Are We Nearing the End of the Line for Edible Ocean Fish?
An Animal Rights Article from All-Creatures.org

FROM

Charles Clover, TruthOut.org
July 2011

One of the factors contributing to the degradation of our oceans is massive, industrial, commercial overfishing. The Times cites a report that many species of fish are "either vulnerable to extinction, endangered or critically endangered."

It was worked out that a beam trawler killed 16 pounds of marine creatures to produce one pound of marketable sole.

Charles Clover interviews Mark Karlin

On July 16, The New York Times editorialized that the world's oceans are potentially on the verge of irreversible catastrophic collapse. Due to global warming and other factors, the marine ecosystems are being severely compromised.

One of the factors contributing to the degradation of our oceans is massive, industrial, commercial overfishing.
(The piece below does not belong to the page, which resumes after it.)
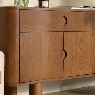 A simple form that's more than the sum of its parts, the Adel sideboard is boldly sculptural, but not overbearing. With solid wood edges and discreet recessed pulls. The Adel's legs are hollow, making it easy to move.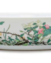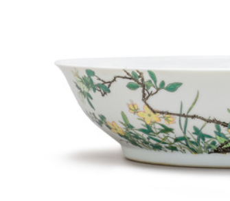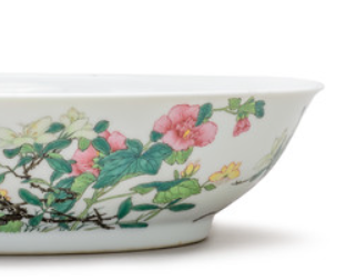 本品直径为17.78 厘米,胎质细腻,造型规整,敞口、弧壁、圈足。碗身以白瓷为地,施绘粉彩花卉图案,色彩丰富柔和,有粉、黄、绿等色,绘有花朵、枝叶,花朵形态逼真,枝叶脉络清晰,布局疏密得当,尽显自然生机。

The Times cites a report that many species of fish are "either vulnerable to extinction, endangered or critically endangered."

As reported in Truthout, the White House Interagency Ocean Policy Task Force is formulating a plan for a collaborative ocean policy. But it is a long way from a task force to implementation of enforceable international policies.

Journalist Charles Clover wrote the definitive book on overfishing, "The End of the Line: How Overfishing Is Changing the World and What We Eat." Truthout recently interviewed him.

Clover is the environmental columnist for the Sunday Times and has written on the subject for more than two decades. He edits a web site that encourages consumers to play a role in sustainable fishing, Fish2Fork.com.

The Truthout Progressive Pick of the Week, "The End of the Line" (DVD) is a documentary based on Clover's book in which he also appears.

Mark Karlin [MK]: What would be the worldwide impact if edible fish no longer existed in sufficient numbers in the ocean due to overfishing?

Charles Clover [CC]: The picture is that about a third of the world's wild fish stocks have collapsed - defined as being fished to below 10 per cent of their abundance in 1950 - and for the rest the trend is down with only one or two places in the world managing their fish sustainability. This has huge implications for food security in a world with more human beings in it and for the functioning of whole ecosystems.

MK: What is happening to smaller, less developed nations that depend on fish they catch as a major part of their diet?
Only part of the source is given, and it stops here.